All I am saying is to change how table.remove works. I believe the
change is completely backwards compatible. Here's my proposal again:

function table.remove(t, ind)
 local next
 repeat
    next = t[ind+1]
    t[ind] = next
    ind = ind+1
  until next==nil
end

Here is my reasoning for why this proposed version is backwards compatible:

If you were using a table as a mapping, where the keys just so
happened to be integers, you would not use table.remove to remove
entries, you would just do t[ind] = nil (doing otherwise would be a
serious misuse of table.remove!). If you are using a table as both a
hashmap and an array at the same time, well, that code would not be
affected by changing how table.remove works either. There's two cases:

1) The 'map' part uses non-integer keys. This would not be affected by
changing table.remove, since table.remove (both versions) only modify
integer-keyed entries.
2) The 'map' part uses integer keys. There are two sub-cases:
2.1) There is a 'gap' between the array part and the map part: {1,2,3;
[5]='a',[6]='b'}. In this case, the table.remove behavior I propose
will not affect the map part (keys 5 and 6), which is identical to the
behavior now.
2.2) There is no gap between the array part and the map part:
t={1,2,3; [4]='a',[5]='b'}. Again this gives the same behavior as now
-- the current table.remove(t, 3) will shift [4]='a' and [5]='b' down
regardless of whether the program intended for the 'a' and 'b' to be
considered part of the 'map' part of the table. The version I am
proposing will do the same.

If table.setn were still available, then the 2.2 case could return
different results, since one could explicitly say where the array part
ended. But as far as I can tell, there is no longer any way to do that
- table.setn throws an error in 5.1, and setting t.n has no effect and
is ignored by both table.getn and the # operator.

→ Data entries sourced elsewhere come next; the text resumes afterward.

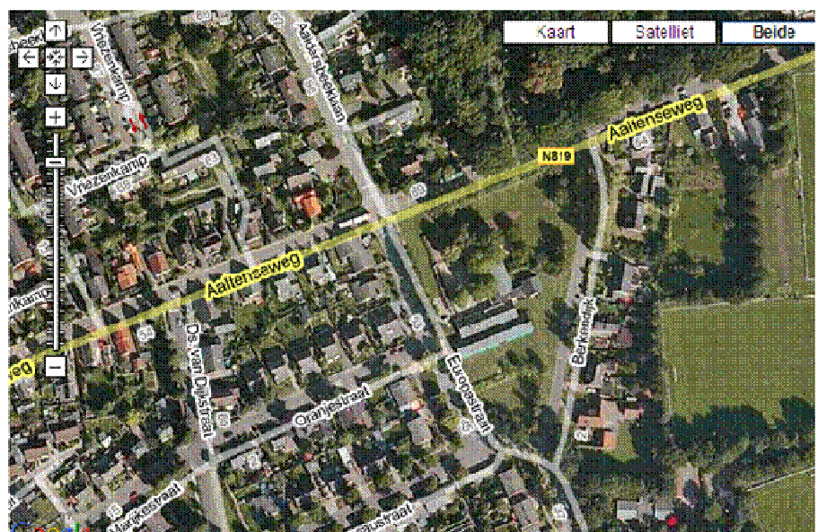
De locatie waar het om draait!

We hopen in een later stadium meer informatie te kunnen geven.
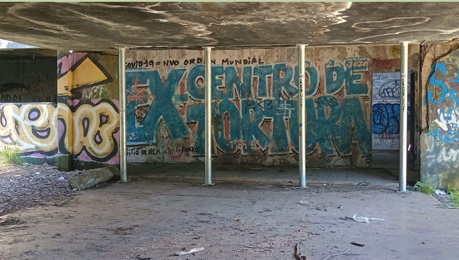
Figura 0. interior de El Morro.

TOPOGRAFIAS DA MEMÓRIA EM UMA PAISAGEM DE RESISTÊNCIA E TRANSFORMAÇÃO: O CASO DO ANTIGO FORTE EL MORRO EM TALCAHUANO, CHILE
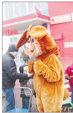
Антон МОРОЗОВ Фото автора
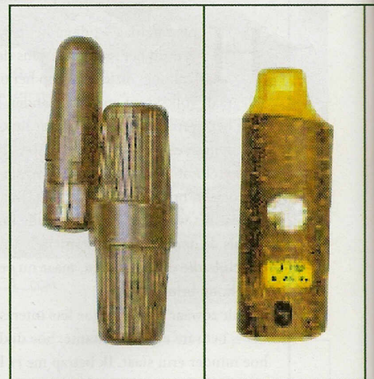
1. De kleine en lichte Wegu-Blatter.

4.1 Angstroep van kalf: Dit is een erg klein lokinstrument, waarbij van tevoren het geluid van een angstschreeuw van een kalf is ingesteld om de uit één toon bestaande angstschreeuw te laten horen. Dit is een scherpe toon, die men krachtig kort in het instrument blaast en klinkt als een korte 'i'. Na een korte pauze volgt de tweede roep, daarna in snel tempo drie tot zes volgende roepen, vervolgens enkele of dubbele tonen en uiteindelijk opnieuw zo snel mogelijk drie tot zes roepen. Met de angstschreeuw van een kalf moet zuinig omgegaan worden, gebruik hem alleen als de reebok bij de reeëit staat, omdat het de reeëit anders erg onrustig maakt. Deze fiep heeft bijna geen oefening nodig, als het gebruik van

So, unless there is some other hidden way of affecting what is
returned by table.getn that I am not aware of, this change would not
break any existing 5.1 code and has the benefit of making it easier to
work with tables as double-ended queues (see
http://www.lua.org/pil/11.4.html ).

I was using a table in this way and checked to see if table.remove
worked correctly when the table had nils at the front. It did--for the
tests I ran. Then a bizarre bug cropped up in my program and I finally
tracked it down to table.remove not working as expected!